Now it was Paul’s turn to laugh, the heat of a blush creeping up his neck. “I, uh, yes. Yes, it was.” _And it’s even better now._

“But you’re not asking about that, are you.” It was a statement, not a question. “You’re asking what I remember about my relationship with Sonny.”

Paul nodded, not trusting his voice. 

“Yes, it’s true. Those memories are coming back, too.” Will scooted back on the bed until he was propped against the backboard. He patted the space next to him, waiting for Paul to join him.

Paul moved up as well. “And?”

Will sighed. “I remember how happy we were when we first got together, when we got married, stuff like that. But I also remember the fights. The bitterness. How I felt like I was suffocating. How I couldn’t do anything right.”

Paul shoved down the little spark of hope that flickered to life in his chest. 

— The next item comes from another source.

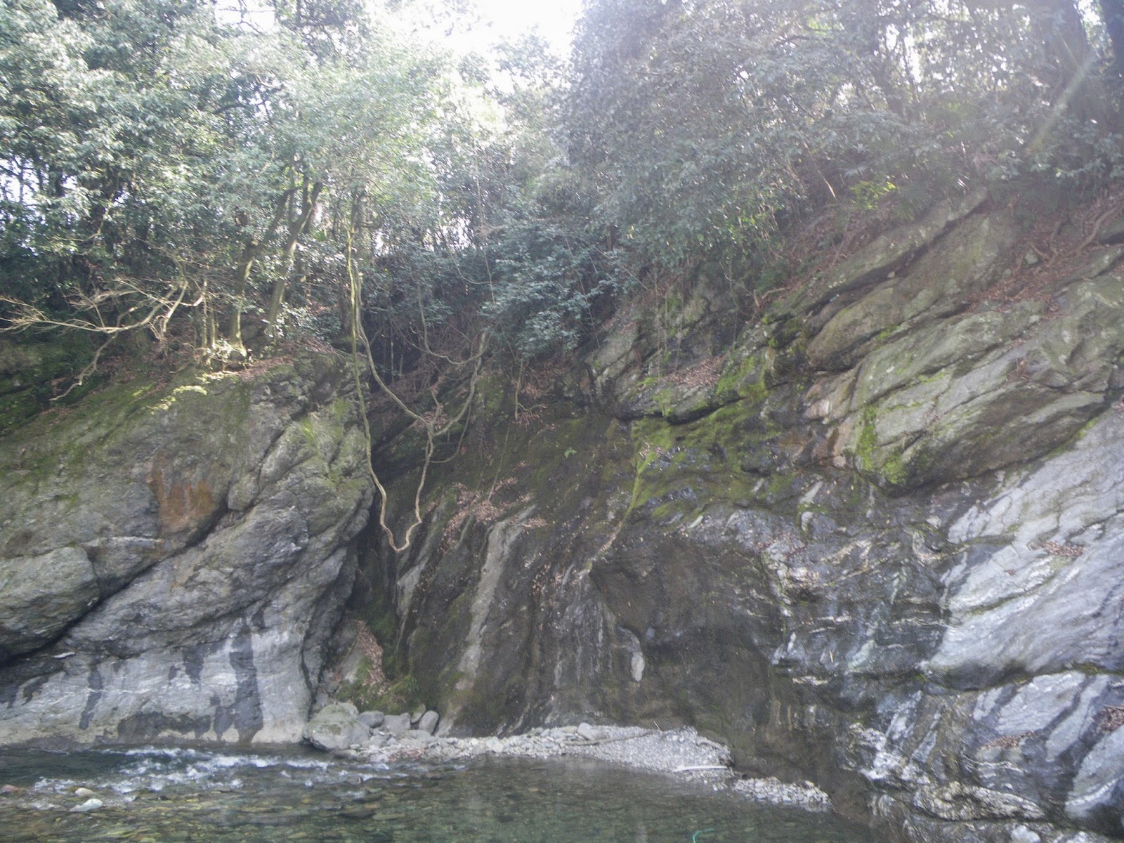 それはそれとして、神社にお参りし、車を神社脇に置き先に進む。と、行く手は採石場で立ち入り禁止。その先にも田滝川に注ぐ沢があるので、「ウルメ沢」の景観を求めて、川床に下り逆側の土手を進む。田滝川の堰堤は連続して続くが「西条市観光情報 ふるさと探訪76」に掲載された写真と比較すると、ちょっと新しいように思う。採石場の先でふたつに分かれる沢を確認するも、これといった趣のある堰堤群に出会うこともなく、結局引き返す。とっくに「ウルメ沢」に出合っているわけだから当然のことではあるが、その時は繰り返すが、知るよしもなし。

“And I remember how I felt - free, almost, when I was first with you. You didn’t have any expectations. I didn’t disappoint you. You liked me for who I was.” He turned so he was facing Paul, a hand on his thigh. “You like me for who I am.”

“I do,” Paul whispered, the spark of hope surging. 

“I think that’s why I was drawn to you, when I came back to Salem. Some part of me remembered how I felt when we first met. And every moment since then has only proved I made the right decision.” Will smiled, his lips quirking. “I like who I am when I’m with you. And I want to keep being that person.”

“I like that person, too. And I like me when I'm with you,” Paul said. “I think we’re good together.” 

“Well, then.” Will reached for the hem of Paul’s shirt and started inching it upwards. “If I think we’re good together, and you think we’re good together, it would seem reasonable for us to stay together. Right?”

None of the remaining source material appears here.